* DATA PROVIDED *
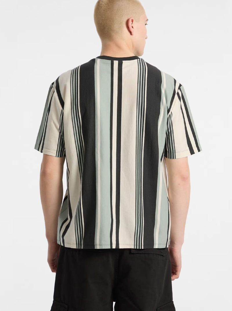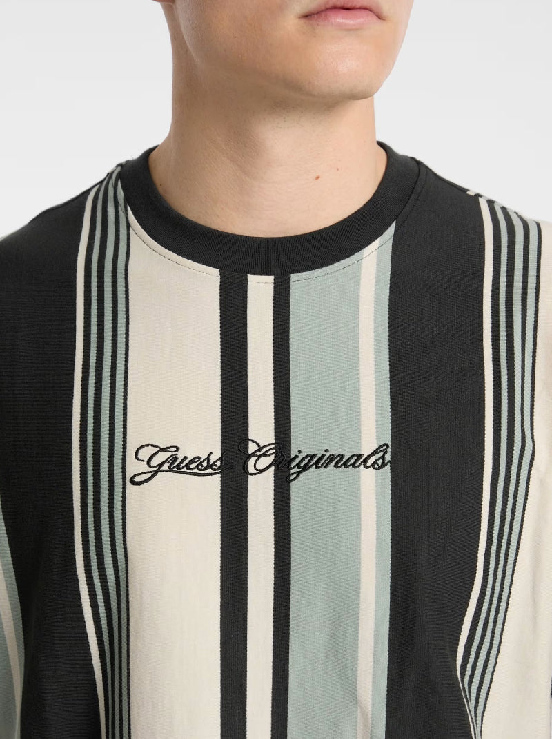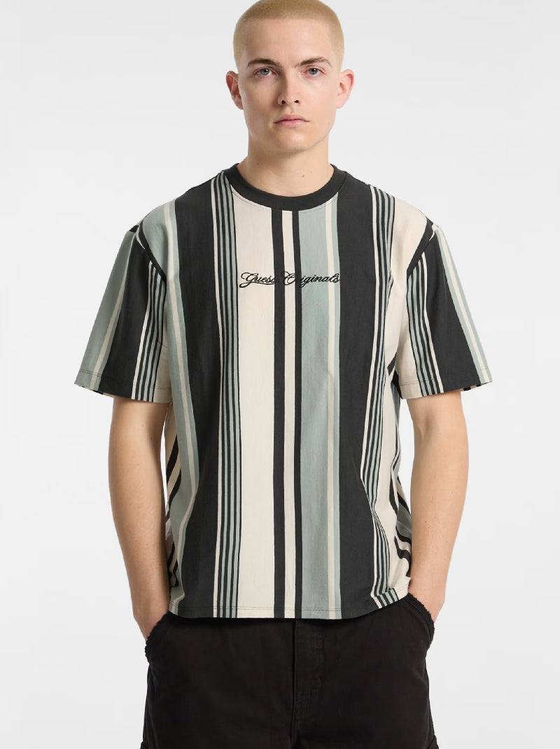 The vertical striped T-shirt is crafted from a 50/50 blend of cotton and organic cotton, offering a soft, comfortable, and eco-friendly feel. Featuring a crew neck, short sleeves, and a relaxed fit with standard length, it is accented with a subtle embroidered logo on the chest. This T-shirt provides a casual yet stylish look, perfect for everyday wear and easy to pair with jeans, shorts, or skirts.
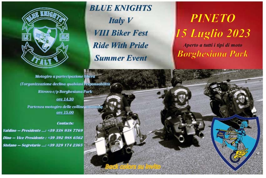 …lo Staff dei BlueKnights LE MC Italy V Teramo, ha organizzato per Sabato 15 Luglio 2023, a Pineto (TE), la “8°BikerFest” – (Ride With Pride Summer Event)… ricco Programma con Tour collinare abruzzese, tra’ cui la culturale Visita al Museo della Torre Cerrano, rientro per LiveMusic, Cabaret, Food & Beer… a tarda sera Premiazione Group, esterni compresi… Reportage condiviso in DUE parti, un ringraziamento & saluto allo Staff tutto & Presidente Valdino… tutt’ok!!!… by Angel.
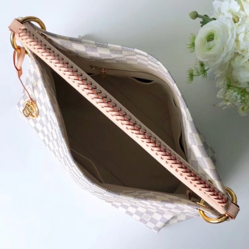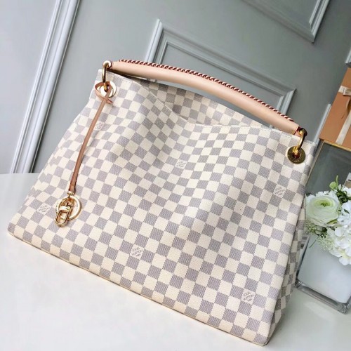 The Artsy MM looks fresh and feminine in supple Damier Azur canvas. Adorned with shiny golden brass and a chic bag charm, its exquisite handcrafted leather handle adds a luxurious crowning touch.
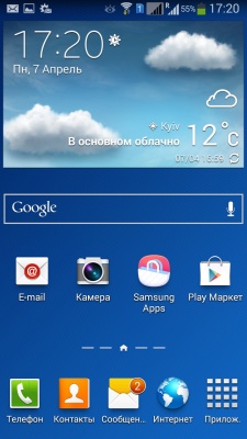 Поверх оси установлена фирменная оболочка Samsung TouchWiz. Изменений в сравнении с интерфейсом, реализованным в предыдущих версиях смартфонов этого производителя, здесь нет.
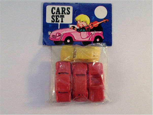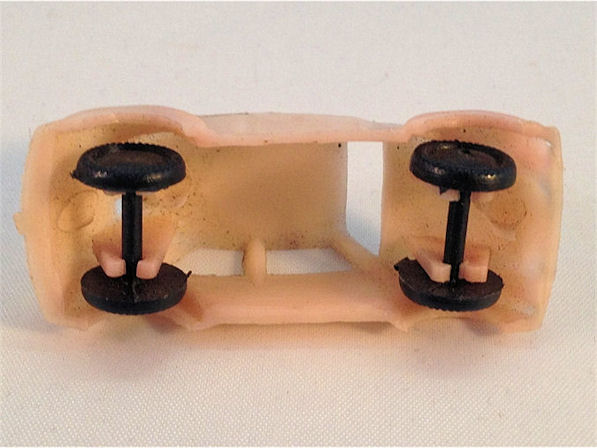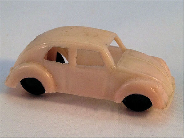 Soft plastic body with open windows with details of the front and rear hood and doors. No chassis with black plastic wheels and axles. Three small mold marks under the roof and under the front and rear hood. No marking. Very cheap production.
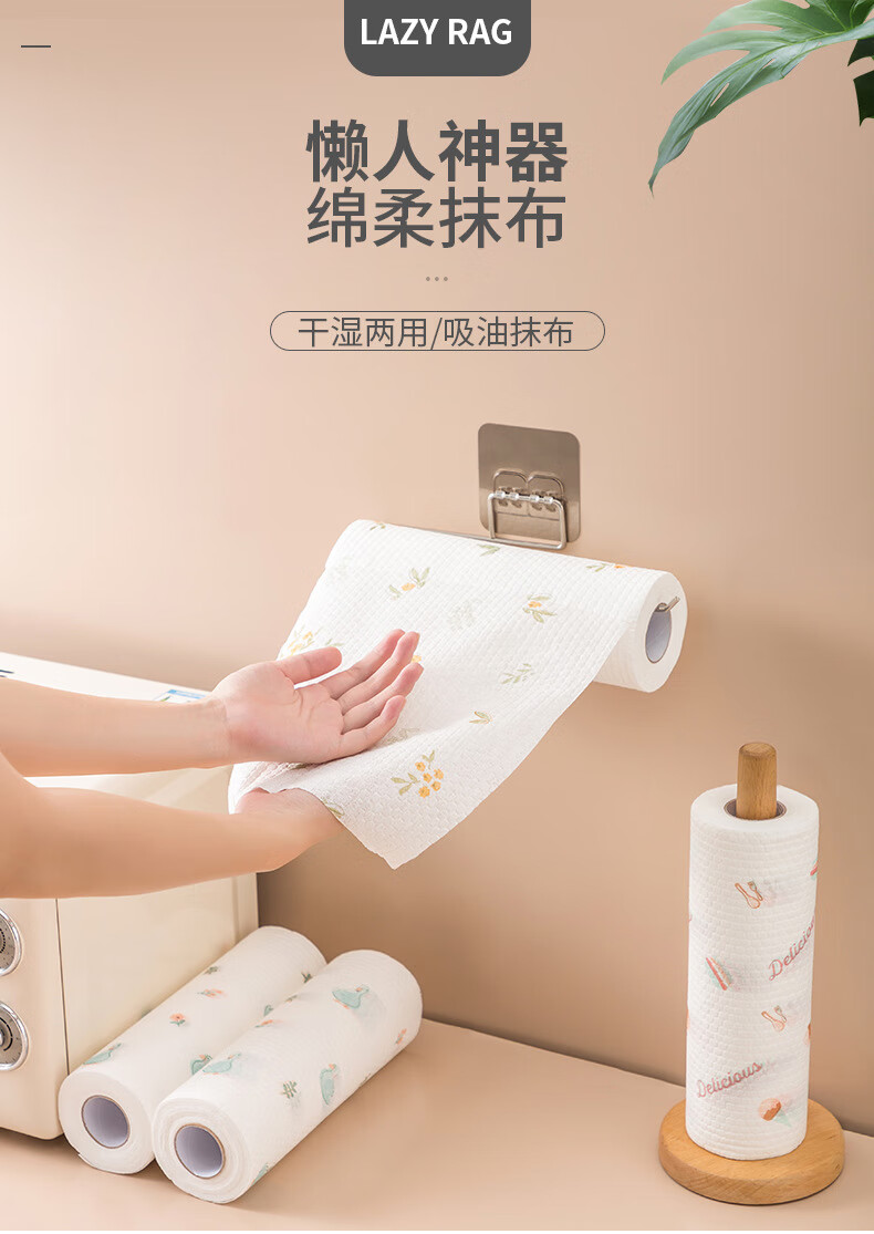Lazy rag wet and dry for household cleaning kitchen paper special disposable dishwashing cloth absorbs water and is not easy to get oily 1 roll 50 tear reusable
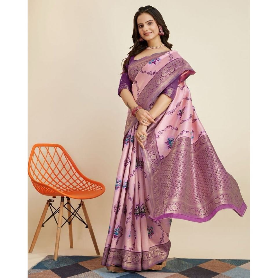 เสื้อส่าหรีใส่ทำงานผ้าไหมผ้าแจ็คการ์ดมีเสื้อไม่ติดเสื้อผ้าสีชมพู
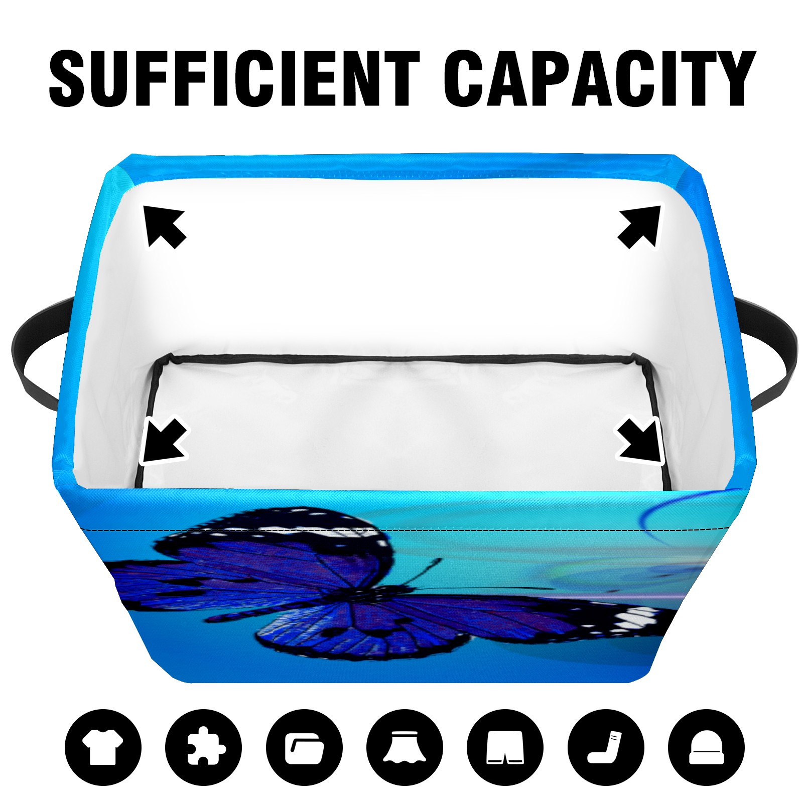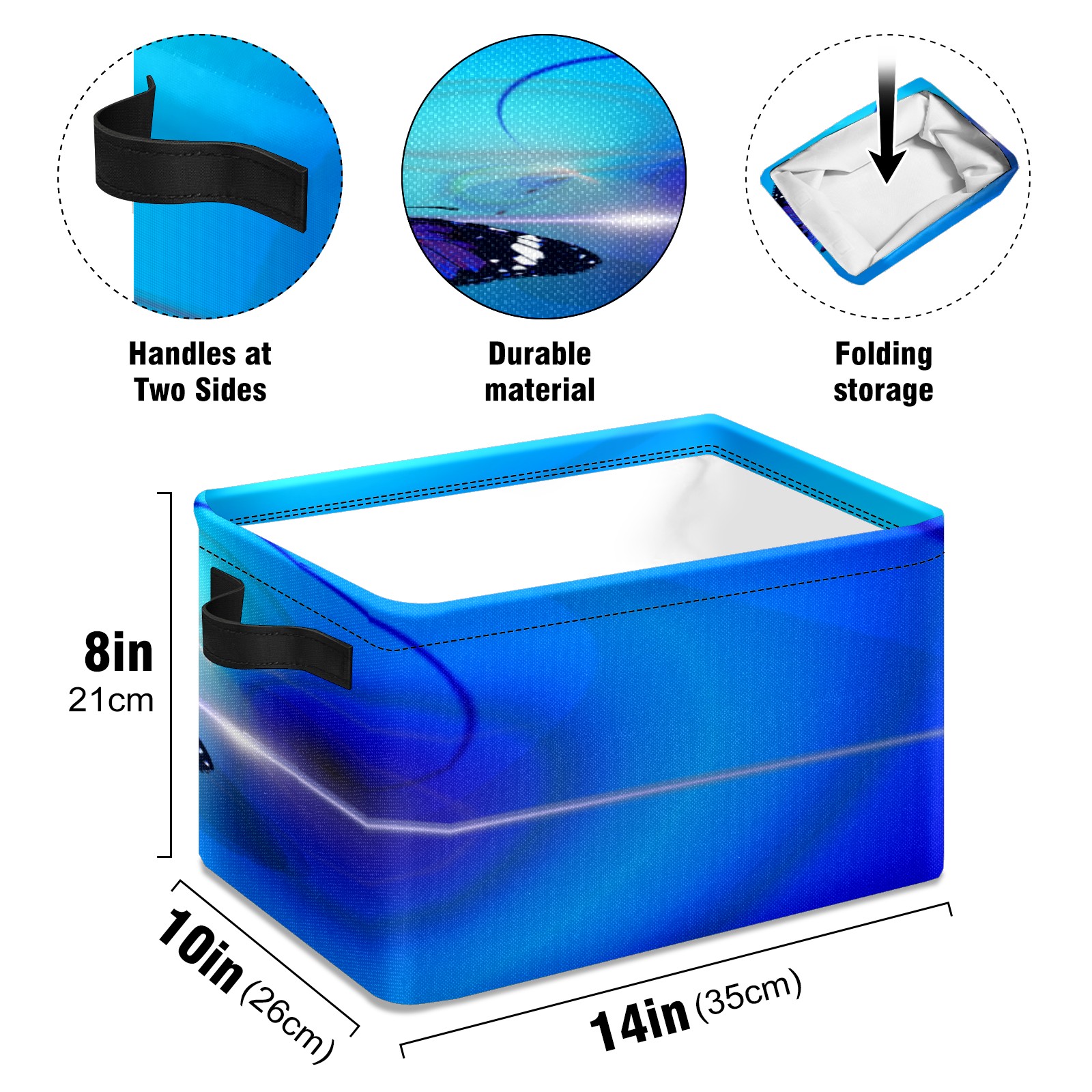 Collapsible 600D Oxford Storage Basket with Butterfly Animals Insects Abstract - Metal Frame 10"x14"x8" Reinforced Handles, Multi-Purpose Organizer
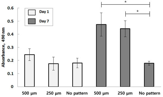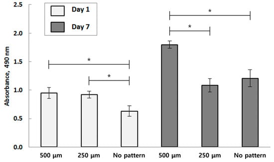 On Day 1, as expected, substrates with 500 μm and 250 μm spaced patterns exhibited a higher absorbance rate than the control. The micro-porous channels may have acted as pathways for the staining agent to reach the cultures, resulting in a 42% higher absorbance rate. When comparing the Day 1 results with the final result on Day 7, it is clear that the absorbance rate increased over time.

* WORK REQUEST *
Reproduce each entry exactly as given; no pictures, please.

* SOLUTION BELOW *
 The vertical striped T-shirt is crafted from a 50/50 blend of cotton and organic cotton, offering a soft, comfortable, and eco-friendly feel. Featuring a crew neck, short sleeves, and a relaxed fit with standard length, it is accented with a subtle embroidered logo on the chest. This T-shirt provides a casual yet stylish look, perfect for everyday wear and easy to pair with jeans, shorts, or skirts.
 …lo Staff dei BlueKnights LE MC Italy V Teramo, ha organizzato per Sabato 15 Luglio 2023, a Pineto (TE), la “8°BikerFest” – (Ride With Pride Summer Event)… ricco Programma con Tour collinare abruzzese, tra’ cui la culturale Visita al Museo della Torre Cerrano, rientro per LiveMusic, Cabaret, Food & Beer… a tarda sera Premiazione Group, esterni compresi… Reportage condiviso in DUE parti, un ringraziamento & saluto allo Staff tutto & Presidente Valdino… tutt’ok!!!… by Angel.
 The Artsy MM looks fresh and feminine in supple Damier Azur canvas. Adorned with shiny golden brass and a chic bag charm, its exquisite handcrafted leather handle adds a luxurious crowning touch.
 Поверх оси установлена фирменная оболочка Samsung TouchWiz. Изменений в сравнении с интерфейсом, реализованным в предыдущих версиях смартфонов этого производителя, здесь нет.
 Soft plastic body with open windows with details of the front and rear hood and doors. No chassis with black plastic wheels and axles. Three small mold marks under the roof and under the front and rear hood. No marking. Very cheap production.
Lazy rag wet and dry for household cleaning kitchen paper special disposable dishwashing cloth absorbs water and is not easy to get oily 1 roll 50 tear reusable
 เสื้อส่าหรีใส่ทำงานผ้าไหมผ้าแจ็คการ์ดมีเสื้อไม่ติดเสื้อผ้าสีชมพู
 Collapsible 600D Oxford Storage Basket with Butterfly Animals Insects Abstract - Metal Frame 10"x14"x8" Reinforced Handles, Multi-Purpose Organizer
 On Day 1, as expected, substrates with 500 μm and 250 μm spaced patterns exhibited a higher absorbance rate than the control. The micro-porous channels may have acted as pathways for the staining agent to reach the cultures, resulting in a 42% higher absorbance rate. When comparing the Day 1 results with the final result on Day 7, it is clear that the absorbance rate increased over time.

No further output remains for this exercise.